Abstract and Introduction
Abstract
Introduction: The induction of antinuclear antibodies (ANAs) or anti-double-stranded (ds) -DNA antibodies (Abs) after infliximab (IFX) therapy in rheumatoid arthritis (RA) is a well-known phenomenon, but the correlation of such Abs with the clinical response to IFX has not yet been determined. The aims of this retrospective observational study were to examine the prevalence of positive ANA and anti-ds-DNA Abs before and after IFX therapy in patients with RA and to investigate whether an increased titer of such Abs is associated with the clinical efficacy of IFX.
Methods: One hundred eleven RA patients who had received IFX were studied. ANA (indirect immunofluorescence with HEp-2 cells) and anti-ds-DNA Abs (Farr assay) results were examined before and after IFX therapy.
Results: The overall clinical response assessed by EULAR response criteria was as follows: good response in 55%, including remission in 38%; moderate response in 18%; and no response (NOR) in 27%. The positivity of ANA (≥ 1:160) and anti-ds-DNA Abs significantly increased from 25% to 40% (P = 0.03) and from 3% to 26% (P < 0.001) after IFX, respectively. EULAR response differed significantly according to the ANA titer before IFX (P = 0.001), and the efficacy of IFX became worse as the ANA titer before starting IFX increased.

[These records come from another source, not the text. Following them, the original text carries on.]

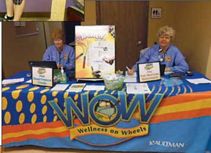
The Aultman WOW van and nurses provide free health screenings and education to our residents and meal guests.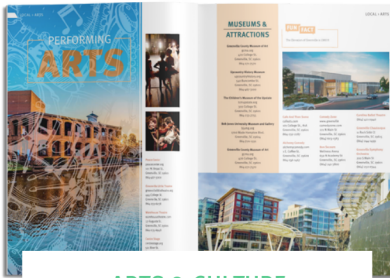
ARTS & CULTURE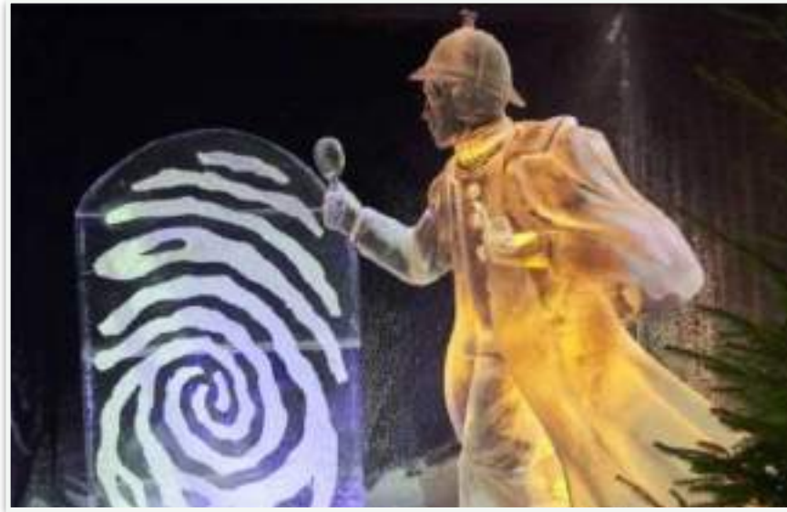
Holmes solving a cold case!

Ice sculpture of the character Sherlock Holmes. Zwolle, Netherlands. Europe's largest ice sculpture festival. Sherlock Holmes at IJsbeelden Festival Zwolle (2018-19).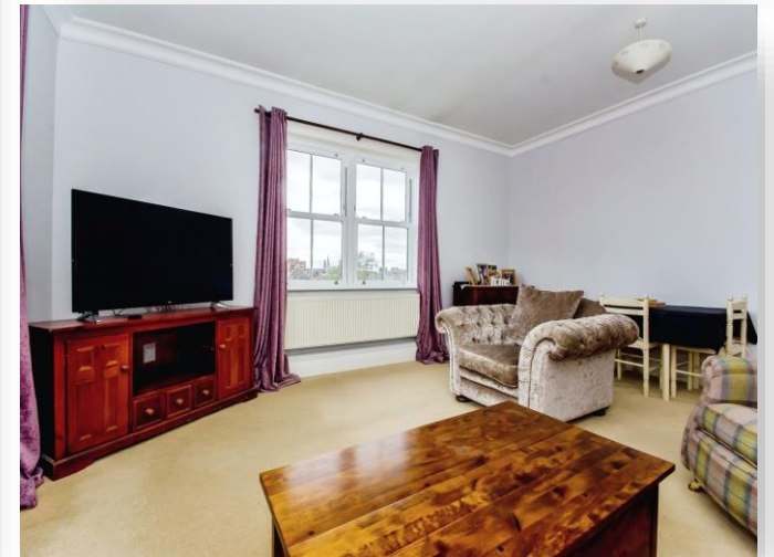
Colville House, Old Convent Fields, Wisbech PE13 1HT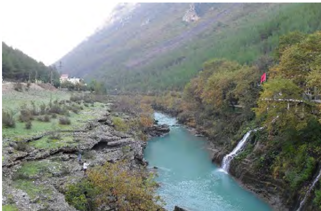
Kelcyra springs, and Vjosa River terraces.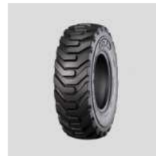
IND - 85 Em - Industrial Tyre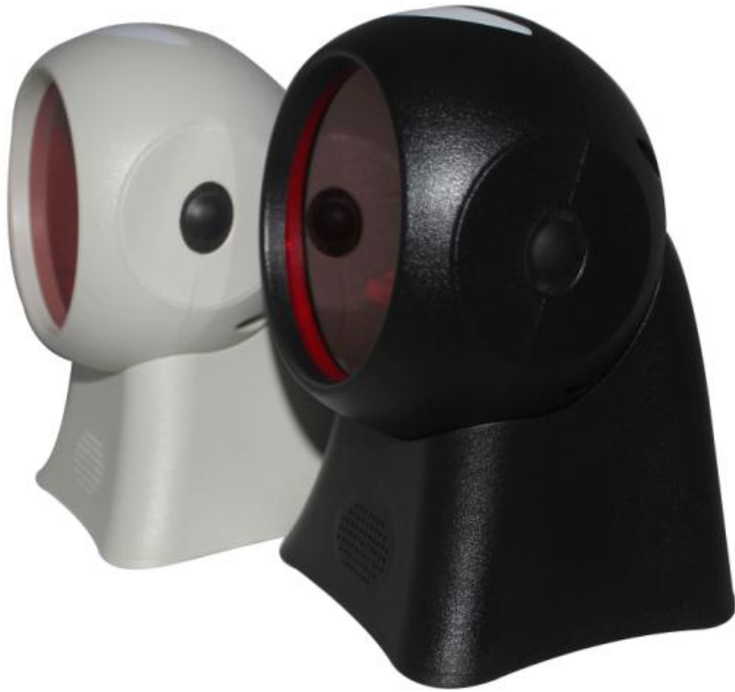
Model: RK8120 Omnidirectional Barcode Scanner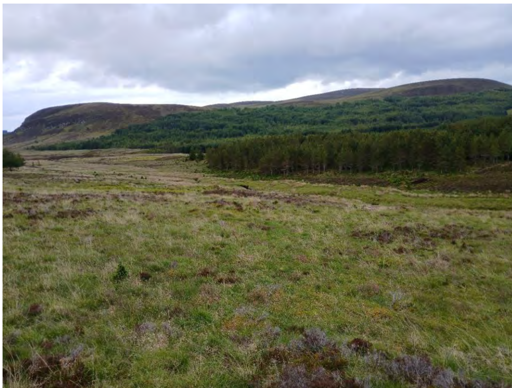
Plate 385: Hut circle (Asset 115.4), facing southeast

Furthermore, the differences in the clinical response of the ANA titer before IFX ≤ 1:80 and ≥ 1:160 were significant (good, moderate, and no response were 66%, 9%, and 25% in ≤ 1:80 group versus 26%, 33%, 41% in ≥ 1:160 group, respectively; P < 0.001). In 13 patients whose ANA had increased after IFX, 10 showed NOR, only one showed a good response, and none reached remission. These clinical responses were significantly different from ANA no-change patients. In 21 patients with positive anti-ds-DNA Abs after IFX, 16 showed NOR, only two showed a good response, and none reached remission.

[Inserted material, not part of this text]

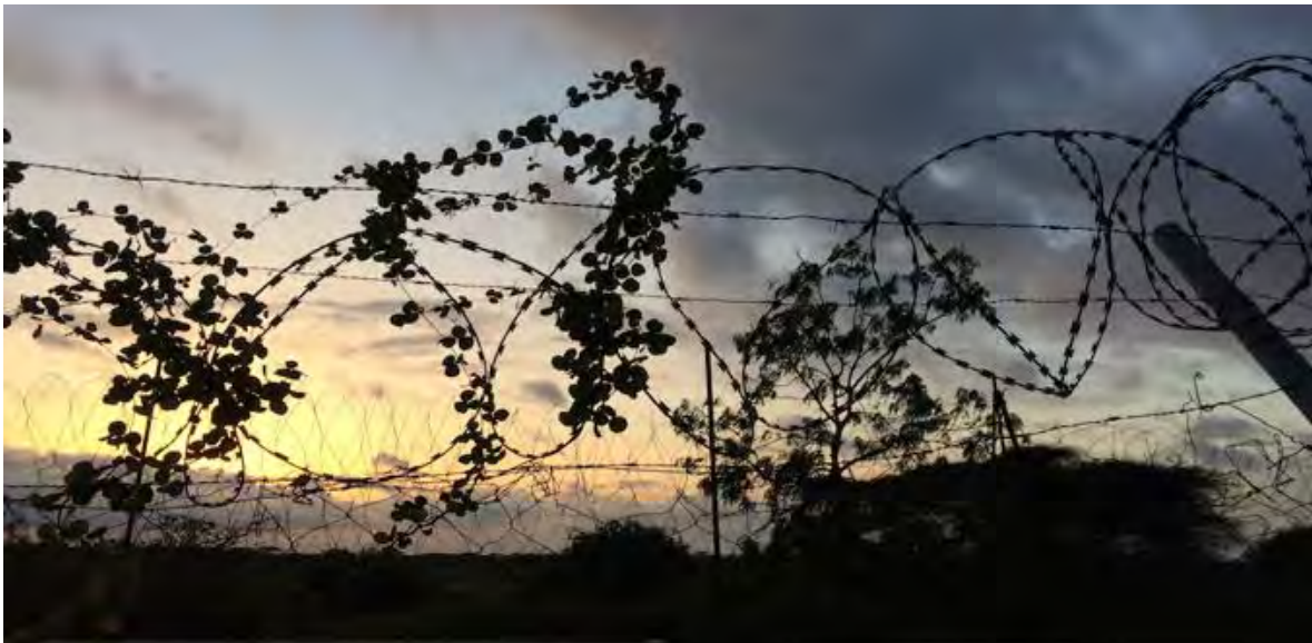
Figure 1. The compound in Dadaab, Miller, 2017.

The red parched earth gives way as our driver expertly navigates the road through Dadaab town. Deliberate bumps in the road along with tires and spike strips planted by army to slow a charging vehicle, which we're not. The fact that Kenya has left-sided driving – gives me the feeling that we are perpetually heading into oncoming vehicles. ... the clapboard and corrugated metal buildings are a patchwork of rusted repurposed roofing material, a desperate quilt. Groups of people sit at each building, children, and women in long bright coloured and dark scarves and robes. Shredded plastic tangle in wire fencing, plastic bottles and debris litter the roadsides amid ash from recent garbage burns. Goats and donkeys wander the road nosing through these piles. The acrid scent of burnt plastic mingles with dust, an ochre iron clay, a warm terracotta colours indicate nothing hospitable in the soil. The trees around our UNHCR oasis were all planted 25 years ago when the first camps settle in and the NGOs established somewhat permanency. These pampered trees that shade us in the heat of day, yet the soil between them remains barren without a single volunteer weed between them.

Conclusions: The present study suggests that the ANA titer before starting IFX predicts the clinical response to IFX. The increased titers of ANA or anti-ds-DNA Abs after IFX may be useful markers of NOR.
Introduction
Rheumatoid arthritis (RA) is a chronic, inflammatory disease with the potential to cause substantial joint damage and disability. Tumor necrosis factor (TNF)-α plays a central role in the pathogenesis of RA, as demonstrated by the clinical benefit of anti-TNF-α therapy. Infliximab (IFX), a chimeric anti-human TNF-α monoclonal antibody, has enabled great advances in the treatment strategy for RA, resulting in a paradigm shift of RA treatment. Although IFX therapy concomitant with methotrexate (MTX) is effective in the majority of RA patients, some patients have persistent active disease, and others lose efficacy after prolonged treatment. However, no useful clinical marker has been established to predict such nonresponse (NOR) to IFX.
The induction of antinuclear antibodies (ANAs) and anti-double stranded (ds)-DNA antibodies (Abs) during IFX therapy is a well-known phenomenon that has already been observed in earlier clinical trials. It has been reported that the induction of ANAs is independent of the IFX dose and is not modified by concomitant treatment with MTX, leflunomide, and corticosteroid. Furthermore, the production of ANA is not associated with the clinical response to IFX, and even when the development of anti-ds-DNA Abs is observed, onset of lupus-like symptoms is extremely rare. Thus, the significance of the development of such antibodies, including correlations of ANAs and anti-ds-DNA Abs with NOR in RA, has not yet been determined.
Recently, it was reported that the development of ANAs and anti-ds-DNA Abs with anti-TNF therapies may act as a marker of forthcoming treatment failure in patients with psoriasis. Conversely, as in RA patients, it has been reported that ANAs are a predictive factor of infusion reactions during IFX as well as without MTX. On the basis of these findings, the aims of this retrospective observational study were to examine the prevalence of positive ANAs and anti-ds-DNA Abs before and after IFX therapy in patients with RA, and to investigate whether the induction or increased titer of such Abs is associated with the clinical efficacy of IFX.